Nansen’s blockchain data analysts are looking back at the events leading up to FTX’s demise to see what went wrong. The inquiry will consider the $4.1 billion in FTT tokens transferred from the exchange to Alameda Research.
The Nansen study, made public by Cointelegraph, includes several valuable insights from the blockchain analytics industry. These details shed light on the relationship between the two groups that Sam Bankman-Fried co-founded. The former FTX CEO makes their first court appearance, where they will face many claims about the company’s dissolution.
It is widely accepted that the initial reports in September 2022 detailing the notable allocation of 40% of Alameda’s $14.6 billion assets in FTT tokens were the primary reason for the abrupt collapse of FTX.
Before releasing this information, the Nansen researchers had already discovered shady on-chain communications between FTX and Alameda. There has been no release of these documents at this time. Between September 28 and November 1, Alameda executed many transactions, the largest of which involved the swap of FTT tokens worth $4.1 billion for FTX. Alameda also conducted several transactions for $388 million worth of dollar-pegged stablecoins.
According to the available on-chain information, FTX has almost 80% of FTT tokens (350 million) or 280 million tickets. Presently, there are 350,000,000 FTT tokens available for use. Based on the blockchain data, many wallets associated with FTX and Alameda are responsible for moving around large sums of FTT’s trading volume, which may total billions of dollars. These exchanges are also shown as having occurred.
In the words of Nansen, a considerable percentage of the FTT token supply has been subject to a contractual three-year vesting mechanism, including unsold company and non-company tokens. This structure applies to both company and non-company tokens. This stipulation has existed ever since token creation. The research team has determined that an Alameda-managed wallet is the sole recipient of the contract’s benefits.
According to Nansen’s assessment, the groups above may have provided mutual aid to one another to boost their financial standings. This is because the two companies above controlled a near-majority (90%) of the total available FTT tokens.
According to the probe, Alameda is suspected of participating in the black market trade of FTT tokens. It is also claimed that in addition to selling FTT tokens directly to customers, Alameda used these tokens as collateral for loans from cryptocurrency lending businesses.
Data from the past recorded on the blockchain lends credence to the idea above. This information demonstrates that significant money frequently moved between FTX, Alameda, and Genesis Trading wallets. There was a considerable increase in transfer volumes in December 2021, with as much as $1.7 billion changing hands.
The Alameda cryptocurrency exchange may have had liquidity challenges due to the collapse of the algorithmic stablecoin Terra/LUNA and the subsequent bankruptcy of 3 Arrows Capital (3AC). When the value of FTT began to fall, it triggered the secret issuance of a $4 billion loan secured by FTX. This led to the current problem.
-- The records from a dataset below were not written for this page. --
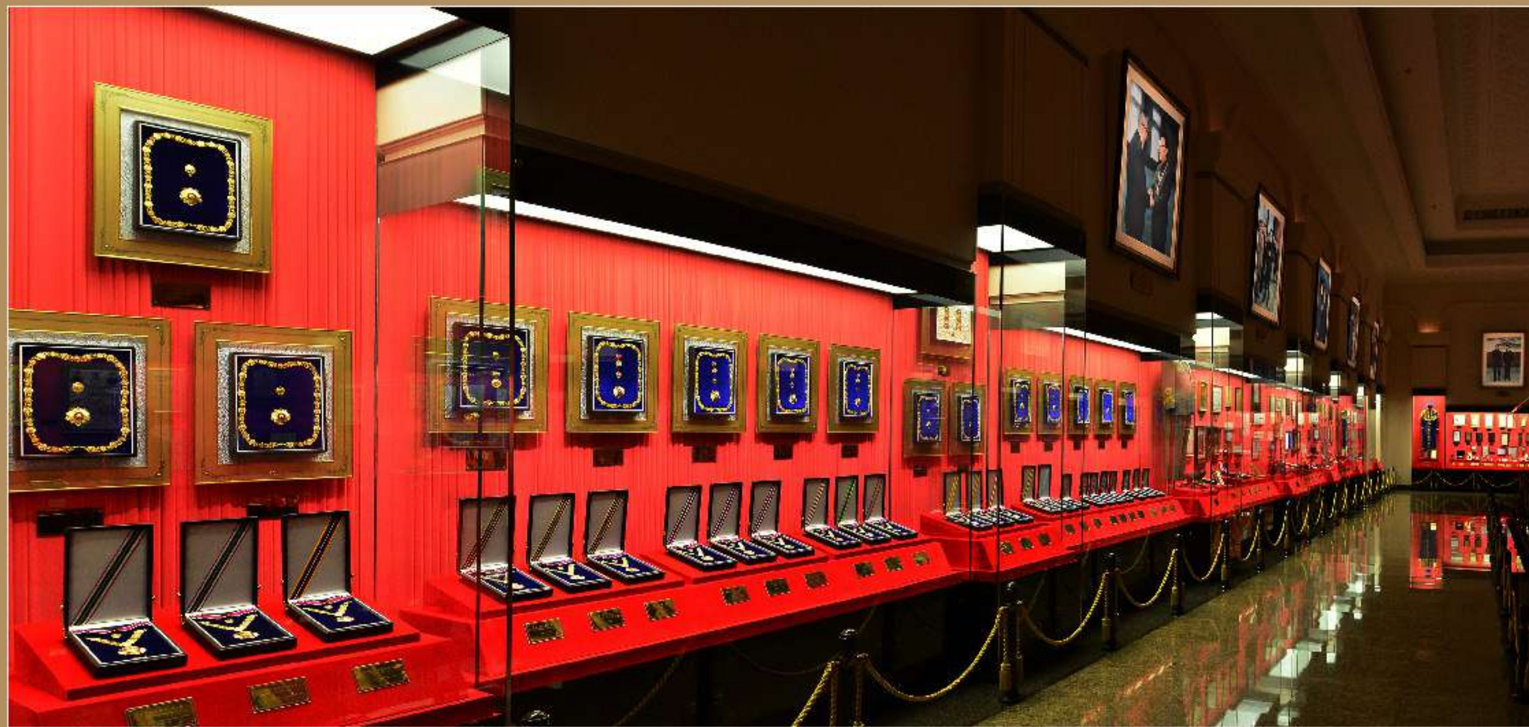
Part of orders, medals and honorary title certificates awarded to Chairman Kim Jong Il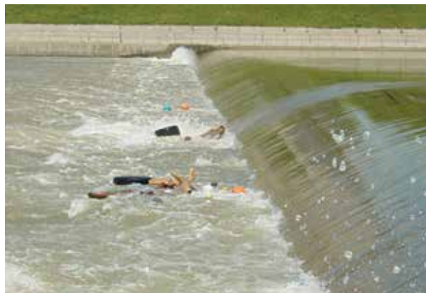
Low dams can be deadly and should always be avoided.

Low dams – like natural waterfalls – are deceptively calm and can be incredibly dangerous. Low dams may range from a 25-foot drop-off to a mere 6-inch drop-off. Water flowing over the dam forms currents that can trap objects and you. Backwash and re-circulating current can trap you back against the dam then underwater before you are pushed along the bottom only to be sucked back to the dam as you rise to the surface. This circulating motion repeats over and over again. The backwash currents may even suck you in if you approach too closely from downstream of the dam. The Mad River has many dams, with several more low dams on its tributaries.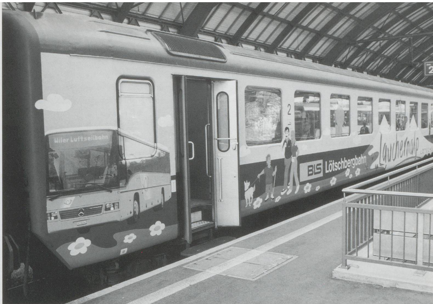
Pictured at St Gallen is a very colourful, or at least it looks colourful, BLS coach on a Zürich working and then probably to Interlaken. August 1999. No doubt someone will tell us the significance of the livery in time for the June issue, please!

The information now available on the blockchain suggests that this may have occurred. Approximately 163,000,000 FTT were transferred to FTX wallets from Alameda when the 3AC failed in the middle of June 2022. These wallets had a total value of almost $4 billion.
The authors of the research state that the loan amount of $4 billion provided by close personal friends of Bankman-Fried during an interview with Reuters is in line with the stated transaction volume of $4 billion.
According to the information in the blockchain, Alameda’s plan to purchase FTT tokens from Binance on November 6 for $22 was not viable and thus could not be carried out by the company. Following the public announcement by Binance CEO Changpeng ‘CZ’ Zhao, in which he communicated the intention of the exchange to dispose of its tokens, this decision was driven by the appearance of lousy information surrounding Alameda’s financial statement. This decision was spurred by the fact that Binance CEO Changpeng ‘CZ’ Zhao made the public announcement.